U.S. Food and Drug Administration approved New Tuberculosis Drug
The U.S. Food and Drug Administration on 31 December 2012 approved a Johnson & Johnson tuberculosis drug that is counted to be first new medicine to fight the deadly infection in more than four decades...
The U.S. Food and Drug Administration on 31 December 2012 approved a Johnson & Johnson tuberculosis drug that is counted to be first new medicine to fight the deadly infection in more than four decades.
The agency approved J&J’s pill, named Sirturo, for use with older drugs to fight a hard-to-treat strain of tuberculosis that has not responded to other medications.
Sirturo, which chemically known as bedaquiline, is the first medicine specifically designed for treating multidrug-resistant tuberculosis. That’s a form of the disease that cannot be treated with at least two of the four primary antibiotics used for tuberculosis.
Sirturo provides much-needed treatment for patients who don’t have other therapeutic options available.
However, it was also mentioned by the agency that the drug carries risks of potentially deadly heart problems and should be prescribed carefully by doctors. The drug carries a boxed warning indicating that it can interfere with the heart’s electrical activity, potentially leading to fatal heart rhythms.
It is estimated that roughly one-third of the world’s population is infected with the bacteria causing tuberculosis. The disease is rare in the U.S., but kills about 1.4 million people a year worldwide. Of those, about 150,000 succumb to the increasingly common drug-resistant forms of the disease. About 60 per cent of all cases are concentrated in China, India, Russia and Eastern Europe.
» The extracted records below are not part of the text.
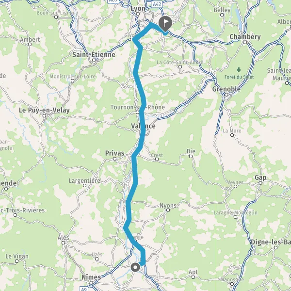Prendre à droite et rejoindre A43 E711 E70. Continuer sur 12 kilomètres
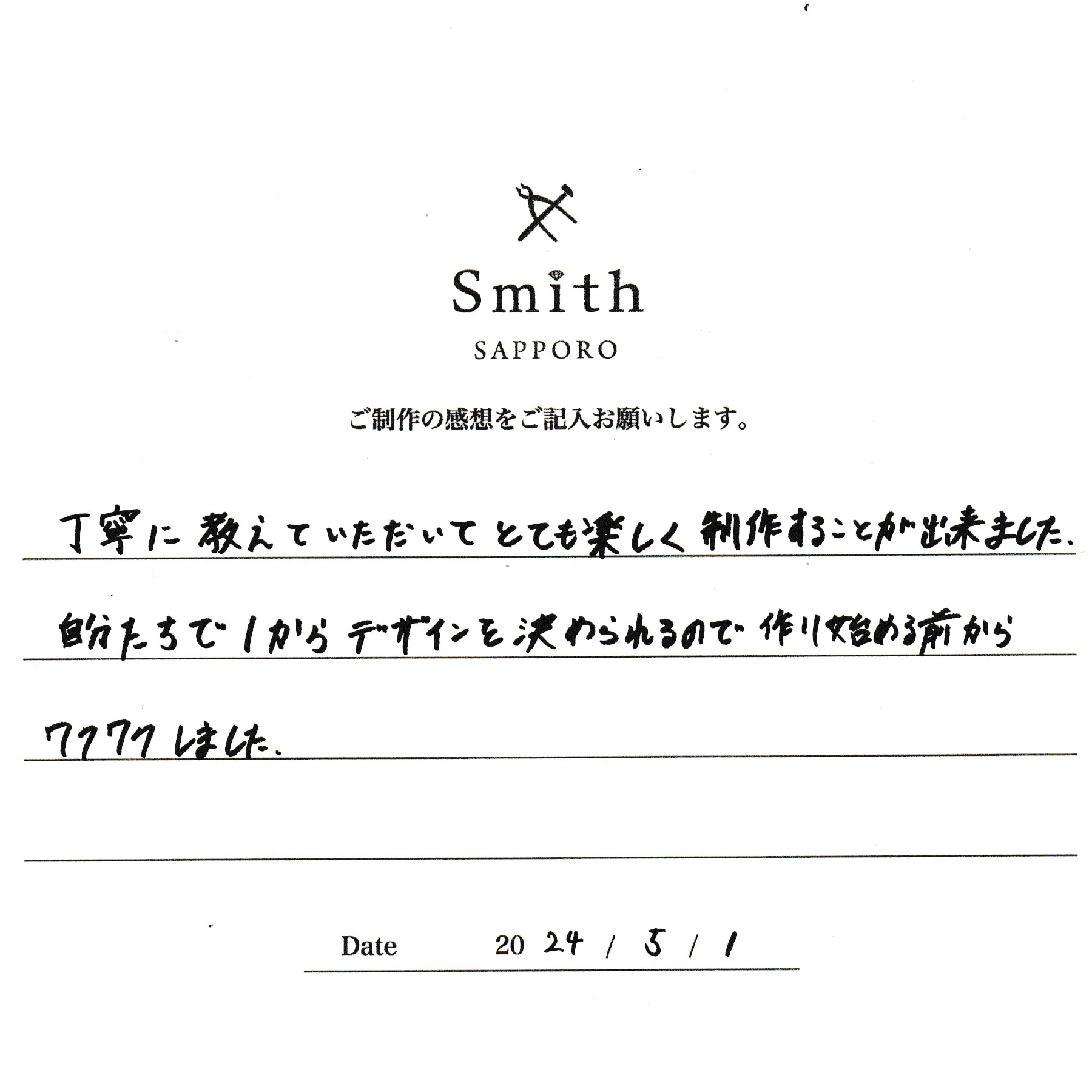 この度は、工房Smith京王プラザホテル札幌店で手作りペアリングのご制作誠にありがとうございました。
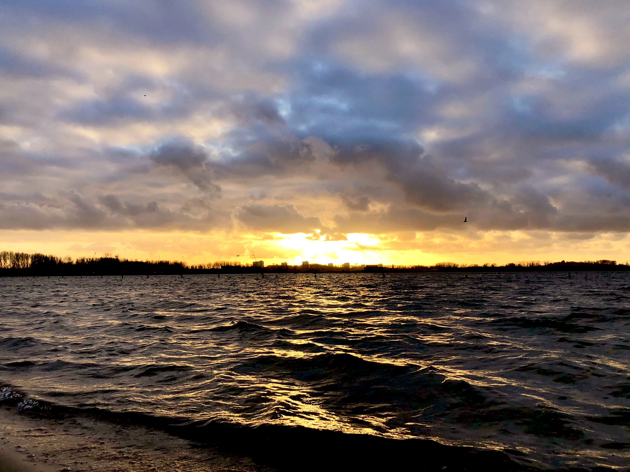 Deze foto van de zonsondergang boven strand Nesselande – Zevenhuizerplas is van januari 2022.
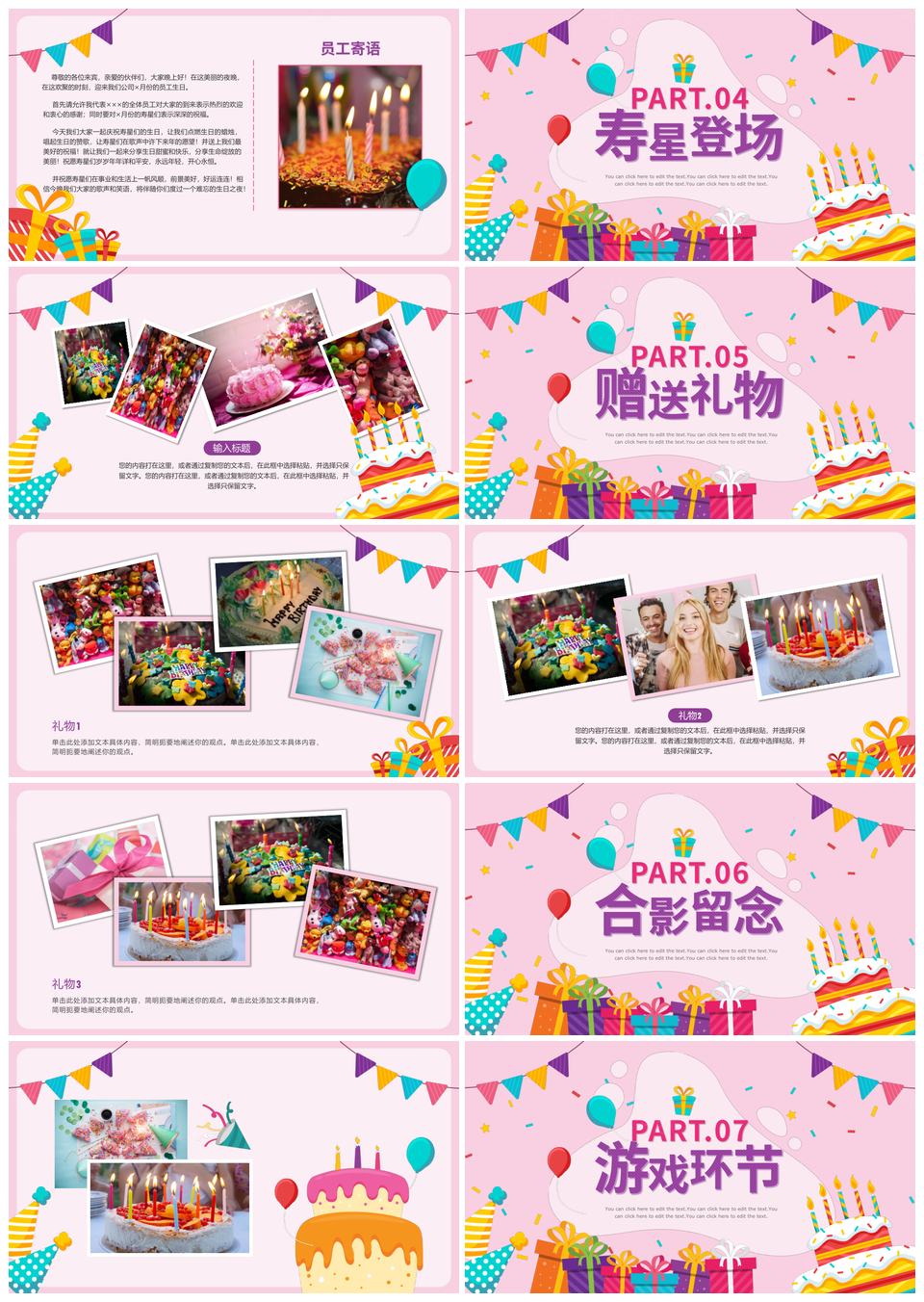 风云办公提供的粉色卡通员工生日会快乐祝福PPT模板,下载格式为pptx,一共23页,作品中文字及图均可以修改和编辑,图片更改请在作品中右键图片并更换,文字修改请直接点击文字进行修改。

The standard drugs used to fight the disease were developed in the 1950s and 1960s.
It was seen during company testing that Nine patients taking Sirturo died compared with two patients taking a placebo. Five of the deaths in the Sirturo group seemed to be related to tuberculosis, but no explanation was apparent for the remaining four.
Regardless of the deaths, the FDA approved the drug under its accelerated approval program, which allows the agency to clear innovative drugs based on promising preliminary results.